WHAT YOU WILL DO: Each line of the records that holds "through" should be shown in full.

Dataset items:
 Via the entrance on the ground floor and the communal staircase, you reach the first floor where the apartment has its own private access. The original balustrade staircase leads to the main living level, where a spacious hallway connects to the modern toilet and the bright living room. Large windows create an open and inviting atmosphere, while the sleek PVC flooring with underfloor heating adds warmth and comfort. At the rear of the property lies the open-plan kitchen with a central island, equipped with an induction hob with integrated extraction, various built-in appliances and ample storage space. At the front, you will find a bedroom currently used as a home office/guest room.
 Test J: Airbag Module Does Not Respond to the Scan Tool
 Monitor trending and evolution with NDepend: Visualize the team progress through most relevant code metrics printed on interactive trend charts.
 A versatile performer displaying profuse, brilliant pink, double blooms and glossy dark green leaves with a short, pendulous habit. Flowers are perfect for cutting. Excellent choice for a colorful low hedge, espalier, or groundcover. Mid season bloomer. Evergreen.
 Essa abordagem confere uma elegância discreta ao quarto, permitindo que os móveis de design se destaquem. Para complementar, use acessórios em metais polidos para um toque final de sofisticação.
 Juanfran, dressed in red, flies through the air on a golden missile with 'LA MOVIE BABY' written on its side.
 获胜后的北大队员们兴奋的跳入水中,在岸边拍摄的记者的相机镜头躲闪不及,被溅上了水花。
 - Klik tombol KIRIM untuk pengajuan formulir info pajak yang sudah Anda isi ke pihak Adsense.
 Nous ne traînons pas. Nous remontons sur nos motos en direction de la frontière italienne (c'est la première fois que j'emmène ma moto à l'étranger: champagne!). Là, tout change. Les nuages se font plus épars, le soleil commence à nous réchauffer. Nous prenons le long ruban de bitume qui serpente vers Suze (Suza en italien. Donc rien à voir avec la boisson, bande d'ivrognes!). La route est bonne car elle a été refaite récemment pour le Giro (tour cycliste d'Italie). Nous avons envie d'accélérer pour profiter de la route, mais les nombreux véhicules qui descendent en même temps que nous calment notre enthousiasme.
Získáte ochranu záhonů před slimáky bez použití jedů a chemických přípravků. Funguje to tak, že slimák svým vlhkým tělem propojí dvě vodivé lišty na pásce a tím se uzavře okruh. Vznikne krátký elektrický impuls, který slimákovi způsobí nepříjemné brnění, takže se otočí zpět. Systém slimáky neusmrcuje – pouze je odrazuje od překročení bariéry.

WRITTEN SOLUTION:
 Monitor trending and evolution with NDepend: Visualize the team progress through most relevant code metrics printed on interactive trend charts.
 Juanfran, dressed in red, flies through the air on a golden missile with 'LA MOVIE BABY' written on its side.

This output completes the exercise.